*** DATA EXCERPTS ***

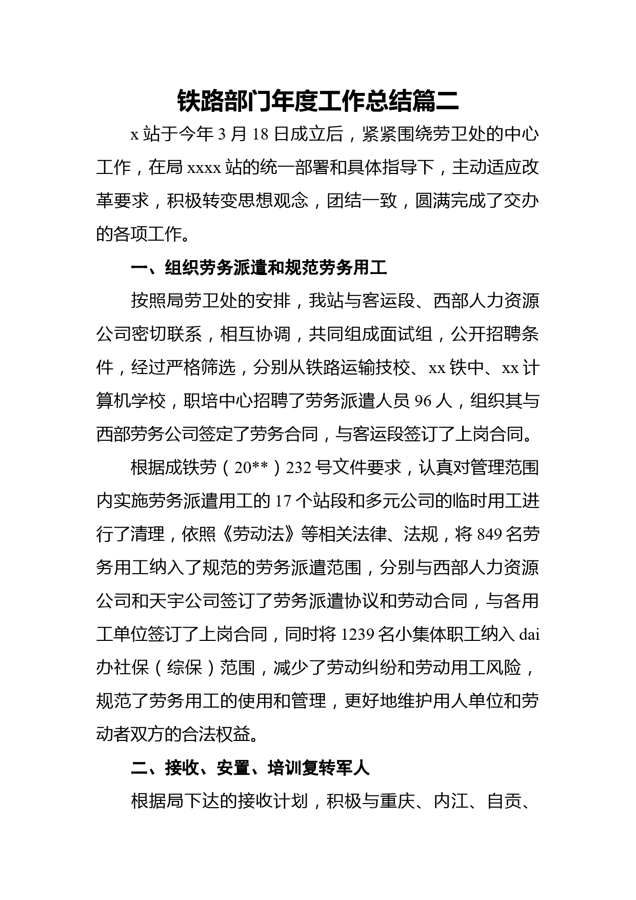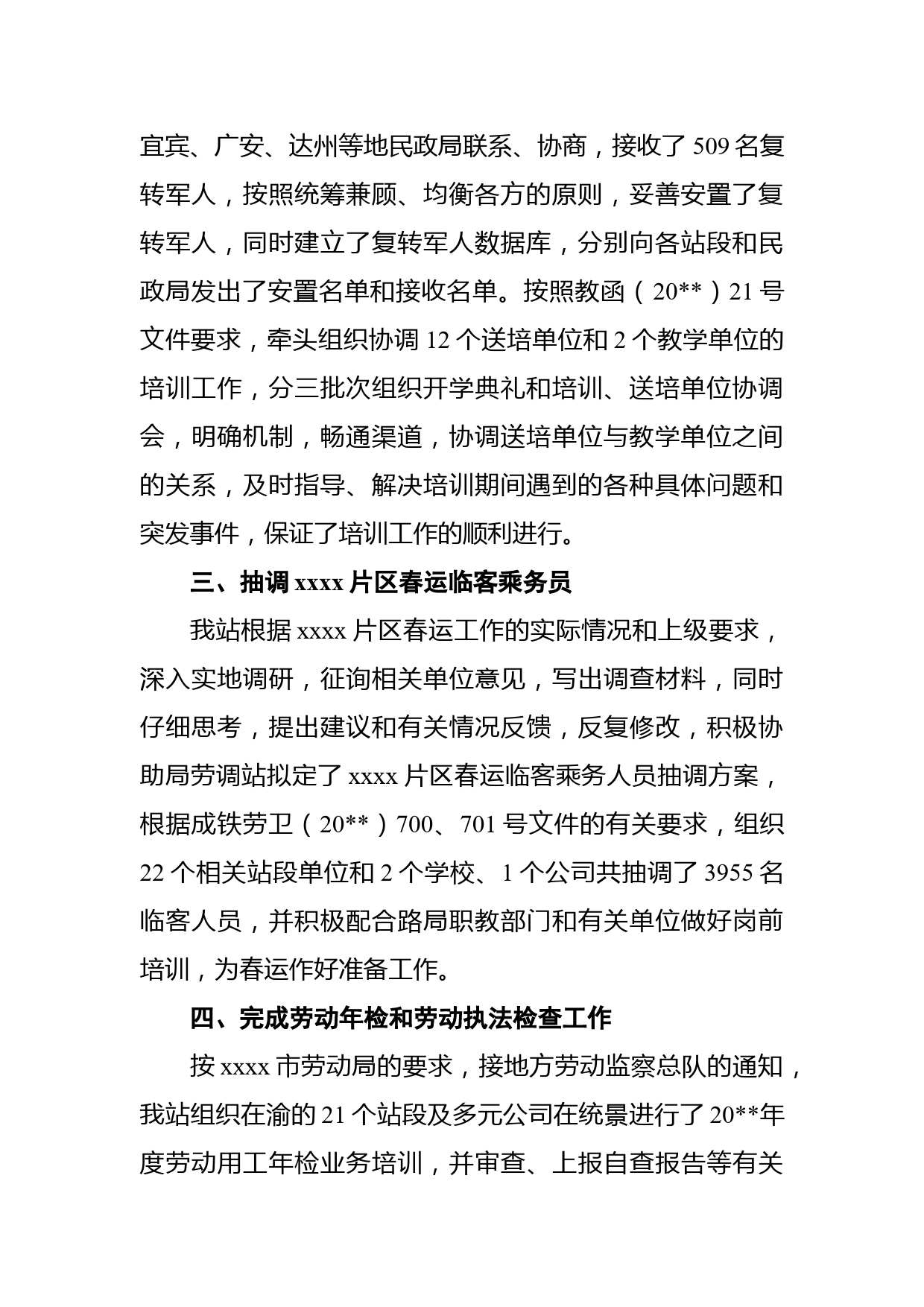 鐵路部門年度工作總結(jié)篇二?x站于今年3月18日成立后,緊緊圍繞勞衛(wèi)處的中心工作,在局xxxx站的統(tǒng)一部署和具體指導(dǎo)下,主動適應(yīng)改革要求,積極轉(zhuǎn)變思想觀念,團結(jié)一致,圓滿完成了交辦的各項工作。?一、組織勞務(wù)派遣和規(guī)范勞務(wù)用工?按照局勞衛(wèi)處的安排,我站與客運段、西部人力資源公司密切聯(lián)系,相互協(xié)調(diào),共同組成面試組,公開招聘條件,經(jīng)過嚴(yán)格篩選,分別從鐵路運輸技校、xx鐵中、xx計算機學(xué)校,職培中心招聘了勞務(wù)派遣人員96人,組織其與西部勞務(wù)公司簽定了勞務(wù)合同,與客運段簽訂了上崗合同。?根據(jù)成鐵勞(20)232號文件要求,認(rèn)真對管理范圍內(nèi)實施勞務(wù)派遣用工...
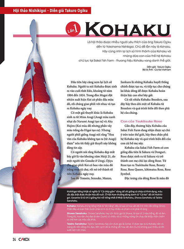 “CÁ KOI” là phiên bản tiếng Việt của Gekkan Nishikigoi (Koi Magazine do Shinkokai Nhật Bản phát hành), được phát hành hàng quý tại Việt Nam. Có trong tay quyển “CÁ KOI” nghĩa là có
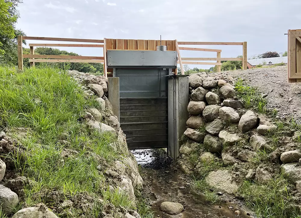 AquaBlokk® præfabrikeret sluse etableret i Grejsdalen Vejle Kommune har etableret et forsinkelsesbassin i Grejsdalen for at opstemme regnvand når der
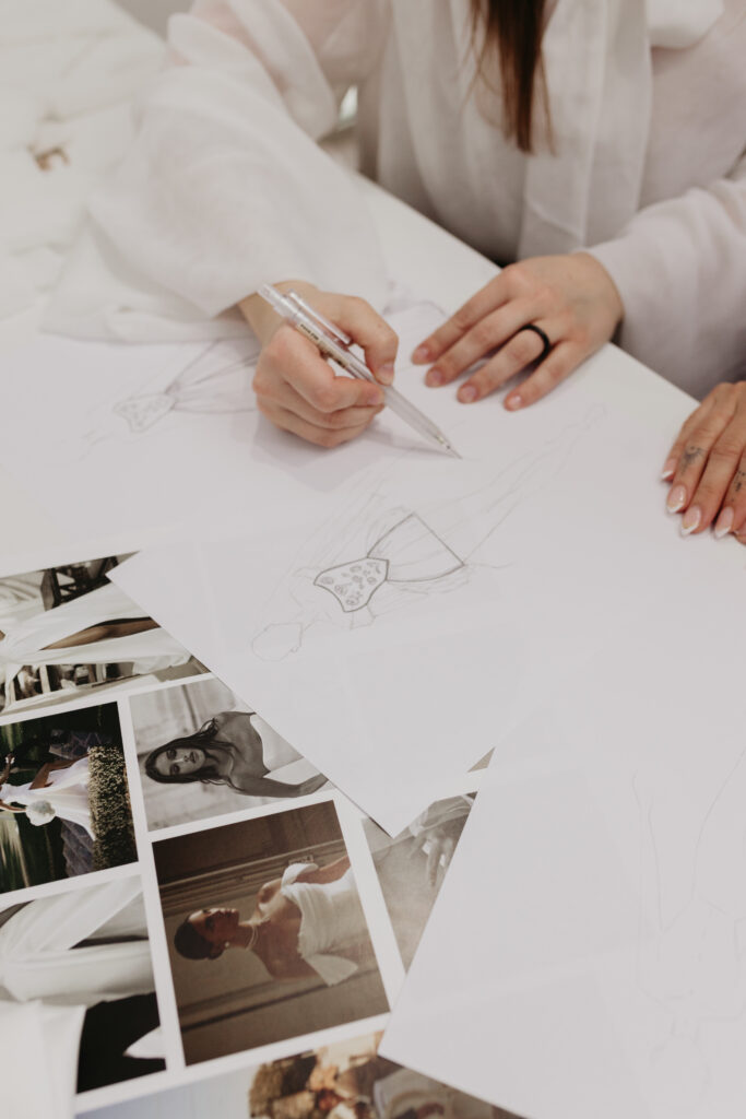 Damos forma al destino. Entre telas, bocetos y pruebas, tu vestido empieza a tomar vida.
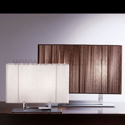 Настольная лампас хромированной структурой и абажуром. Рассеиватель выполнен из тонких нитей, создавая шелковый эффект. Возможные варианты цветов: слоновая кость, табак, черный.
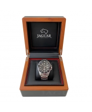 Reloj suizo de hombre Jaguar, de la Colección Pro Diver. El modelo J860/D, de color Negro, con esfera Negra e índices de color Blanco, ofrece una visualización perfecta gracias a su cristal de Zafiro. La elección de un cristal de zafiro garantiza una excepcional visibilidad del reloj y le confiere una enorme resistencia a las rayadas. Por sus características, el cristal de zafiro es excepcionalmente duro. Tan solo el diamante ofrece mayor dureza que este material y es el material de elección para piezas que resistan el paso del tiempo manteniendo su belleza y buena presencia. Además, el cristal que equipa este reloj incluye un tratamiento antireflejos, evitando en gran medida la aparición de incómodos reflejos dificultan la correcta visualización de la esfera en según qué condiciones de iluminación. Este reloj analógico está realizado en acero inoxidable El acero inoxidable , también denominado acero quirúrgico es una aleación de características especiales de gran resistencia a la corrosión y a las rayadas. Además, este material es hipoalergénico de grado quirúrgico, con lo que se evitan posibles reacciones de la piel por su uso continuado. El Jaguar J860/D es un reloj de cuarzo con un movimiento RONDA 6003D fabricado en Suiza, un mecanismo de calidad y precisión contrastadas durante años , e indica con una gran fiabilidad las horas, minutos y segundos.Viene equipado con una correa de acero inoxidable de color plateado y con un cierre desplegable, que permite la regulación del tamaño de la correa de modo sencillo y preciso, para que el reloj se adapte a tu muñeca de la mejor manera posible. Desde su fundación en 1938, los relojes de la marca Jaguar se han mantenido fieles a los valores que impulsaron a su fundador a la aventura de lanzar una nueva marca de relojes: perseguir la más absoluta belleza y fuerza en cada una de las piezas que se manufacturan. Para lograrlo, en Jaguar somos fieles a la tradición relojera de alta precisión suiza, dotándola de las tecnologías más avanzadas para garantizar a los propietarios de un reloj Jaguar la mayor fiabilidad y precisión. Caja Material: Acero Inoxidable Grosor: 12.65 mm Forma: Redonda Diámetro: 43.5 mm Peso: 178 g Esfera Color: Negro Cristal: Zafiro Número de agujas: 3 Correa Material: Acero Inoxidable Color: Plateado Ancho: 21.95 mm Tipo de cierre: Desplegable Movimiento Tipo: Cuarzo Nombre: Ronda 6003d Manufactura: Suiza Tipo de pila: Sr916sw Funciones Función principal: Horas Y Minutos Calendario: Si Características Estanqueidad: 20 ATM
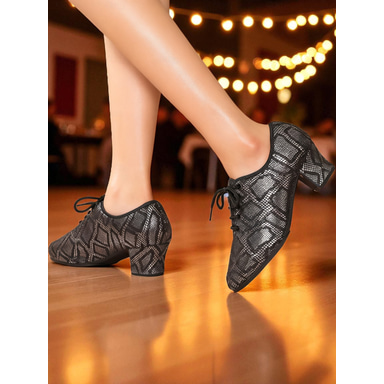 Women's Mesh Lace-Up Ballroom Dance Shoes with Low Heel, Breathable Professional Practice Footwear for Latin and Waltz Performance
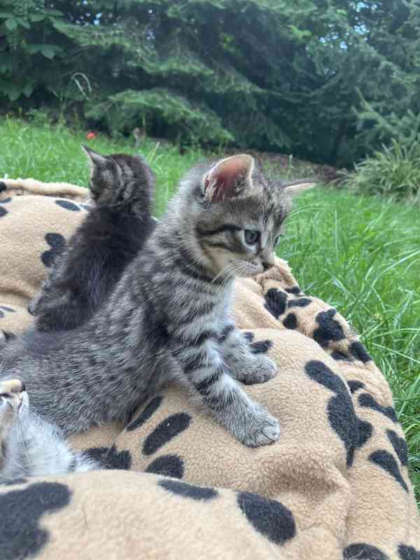 Zadám koťata, křížence kočky mainské mývalí a evropské, narozené 15.5. 2025. Koťata jsou zdravá, veterinárně ošetřena, odčervena, plně socializována, abnormalně vymazlená, zvyklá na děti, psy, kočky, doma a venku. Matka je menšího vzrůstu, cca 3 kg. Výživa kojeni/barf. K odběru v průběhu října.
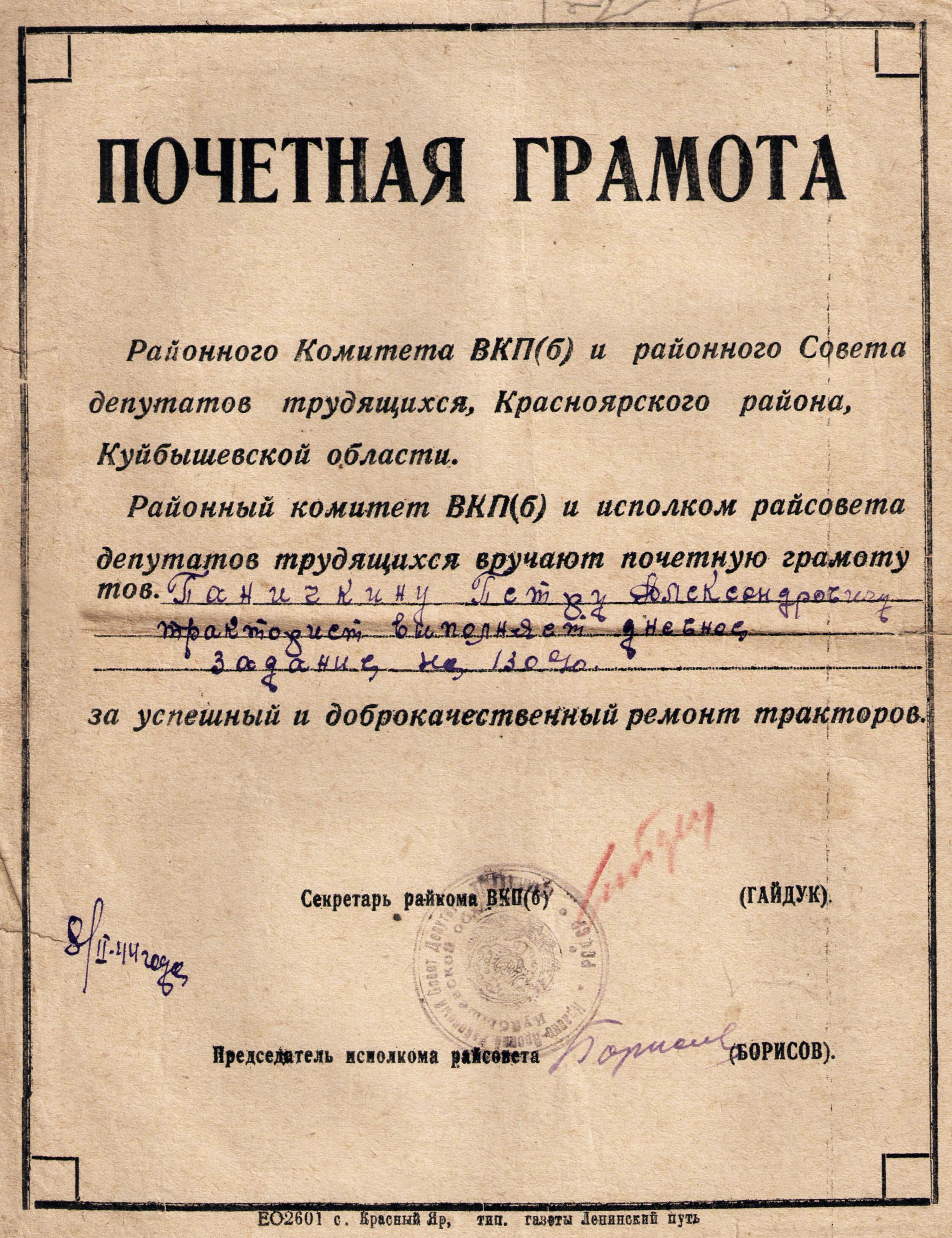Из семейного архива внука Сергея Александровича Паничкина, с. Хорошенькое Красноярского района Самарской области
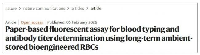 [1] Xiaohui Wang. et al. Paper-based fluorescent assay for blood typing and antibody titer determination using long-term ambient-stored bioengineered RBCs. Nature Communications. 2026.
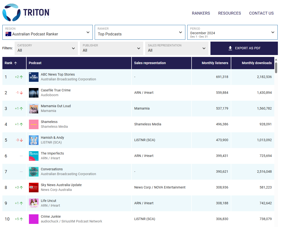 Meanwhile, domestic powerhouse ABC News Top Stories topped the top spots, showcasing the strong appetite for local news content. According to Triton Digital®, a leading global technology and services provider in digital audio, podcast, and broadcast radio industries, The data covers December 1-31, 2024, and includes input from over 30 major publishers, including established networks like ARN/iHeart and ABC.
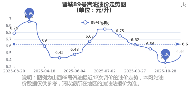 11月17日汽油每升的價格為11月11日調(diào)整后的價格,具體價格如下:92號汽油6.9元;95號汽油7.45元;89號汽油6.46元;0號柴油6.64元。
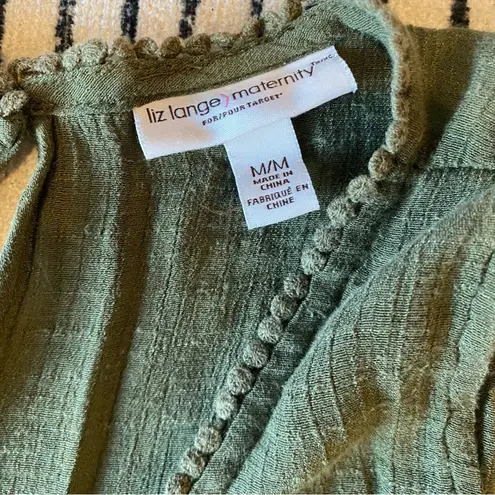 Liz Lange Red Puff Sleeve Blouse with Tie Front, Olive Green Too, Printed Tie Size M - $24 - From Kayla
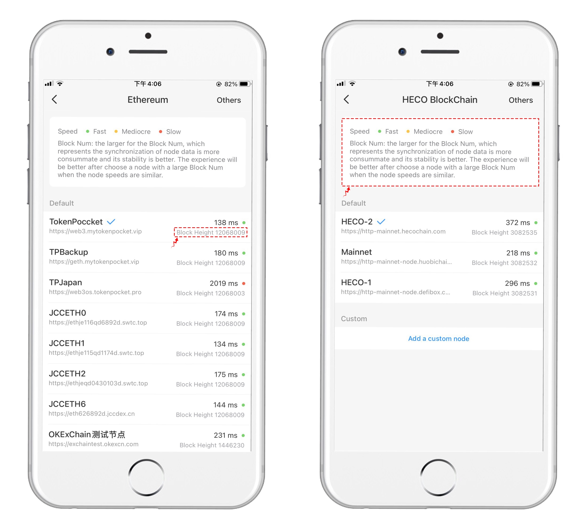 Some chain nodes are newly added to view the block height. The larger for the selected block height and the lower for the delay rate, the node can bring a better DApp experience.
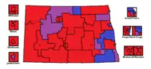 The North Dakota State House by district (as of 2016). Red is 2 Republicans, blue is 2 Democrats/NPL, and purple is one of each
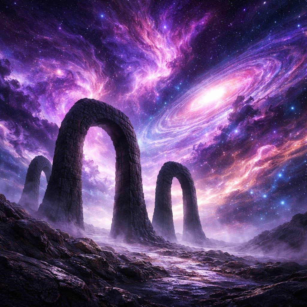 This image shows towering dark stone arches set against a swirling nebula sky filled with vibrant cosmic colors. It captures a surreal, deep-space fantasy digital painting.
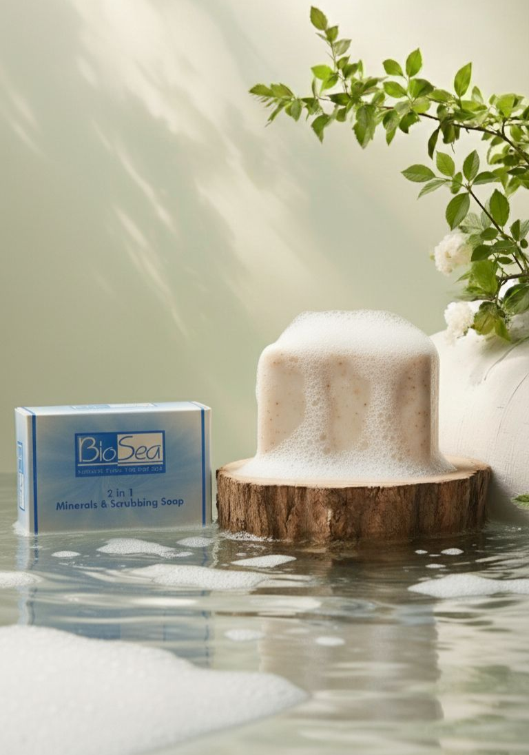 يجمع صابون Bio Sea 2-in-1 Mineral & Scrubbing بين معادن البحر الميت والحبوب المقشرة لإزالة السموم من المسام والتحكم في حب الشباب وتغذية البشرة، مما يوفر تجديدًا يشبه المنتجع الصحي متجذرًا في تقاليد العناية بالبشرة الطبيعية في الأردن.
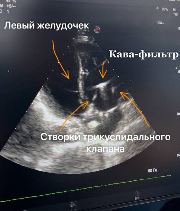Рис. 2. Дислокация кава-фильтра в полость сердца
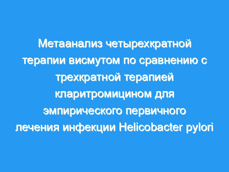 Рандомизированные клинические исследования (РКИ), сравнивающие BQT с CTT, были определены с помощью электронного и ручного поиска. Был проведен мета-анализ для сравнения эффективности и переносимости этих двух схем в качестве первой линии лечения инфекции H. pylori. Также было проанализировано влияние устойчивости к антибиотикам на эффективность лечения.

*** End of DATA EXCERPTS ***

▶ [TASK DIRECTIONS] The lines to be quoted run from the line containing "Some chain nodes" through the end of the entries above, both included; quote them exactly and leave out any pictures.

▶ [RESPONSE FOR THIS EXERCISE]
 Some chain nodes are newly added to view the block height. The larger for the selected block height and the lower for the delay rate, the node can bring a better DApp experience.
 The North Dakota State House by district (as of 2016). Red is 2 Republicans, blue is 2 Democrats/NPL, and purple is one of each
 This image shows towering dark stone arches set against a swirling nebula sky filled with vibrant cosmic colors. It captures a surreal, deep-space fantasy digital painting.
 يجمع صابون Bio Sea 2-in-1 Mineral & Scrubbing بين معادن البحر الميت والحبوب المقشرة لإزالة السموم من المسام والتحكم في حب الشباب وتغذية البشرة، مما يوفر تجديدًا يشبه المنتجع الصحي متجذرًا في تقاليد العناية بالبشرة الطبيعية في الأردن.
Рис. 2. Дислокация кава-фильтра в полость сердца
 Рандомизированные клинические исследования (РКИ), сравнивающие BQT с CTT, были определены с помощью электронного и ручного поиска. Был проведен мета-анализ для сравнения эффективности и переносимости этих двух схем в качестве первой линии лечения инфекции H. pylori. Также было проанализировано влияние устойчивости к антибиотикам на эффективность лечения.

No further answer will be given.